> Try it:
Everything in the listing must be repeated exactly, apart from the images.

> Source data:
:::

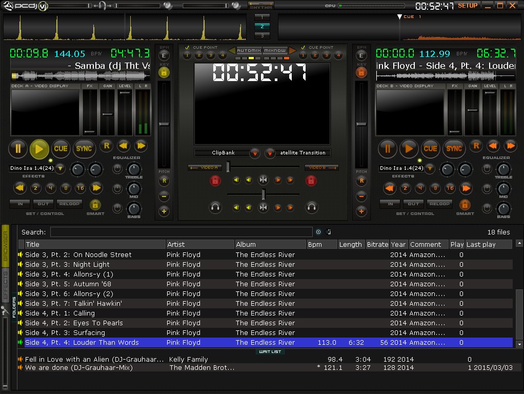 Seit 2008 nutze ich das Programm PCDJ-VJ Dieses Programm erlaubt tolles arbeiten mit der Möglichkeit, auch eine Video-Discothek mit entsprechendem Material über Leinwände bzw TV zu fahren. |
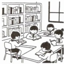 with my friend in the library.☐ sing
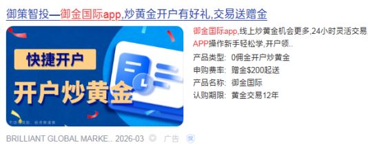 近日有消息曝出香港御金国际贵金属及旗下“御策智投APP”存在内地违规拓展业务的嫌疑,经核查“香港御金国际”下同御金国际在中国内地未获得任何相关单位颁布的金融交易资质,且御金国际官网及御策智投APP均不具备工信部ICP备案,目前该平台正通过社交媒体,聊天群及各广告平台“投流”方式,大肆向内地投资者提供黄金交易服务!
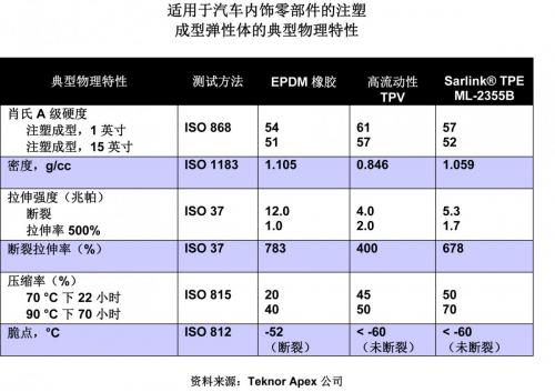 上图为新型化合物与 EPDM 和 TPV 的物理特性对照表

:::

> Answer for the task:
 Seit 2008 nutze ich das Programm PCDJ-VJ Dieses Programm erlaubt tolles arbeiten mit der Möglichkeit, auch eine Video-Discothek mit entsprechendem Material über Leinwände bzw TV zu fahren. |
 with my friend in the library.☐ sing
 近日有消息曝出香港御金国际贵金属及旗下“御策智投APP”存在内地违规拓展业务的嫌疑,经核查“香港御金国际”下同御金国际在中国内地未获得任何相关单位颁布的金融交易资质,且御金国际官网及御策智投APP均不具备工信部ICP备案,目前该平台正通过社交媒体,聊天群及各广告平台“投流”方式,大肆向内地投资者提供黄金交易服务!
 上图为新型化合物与 EPDM 和 TPV 的物理特性对照表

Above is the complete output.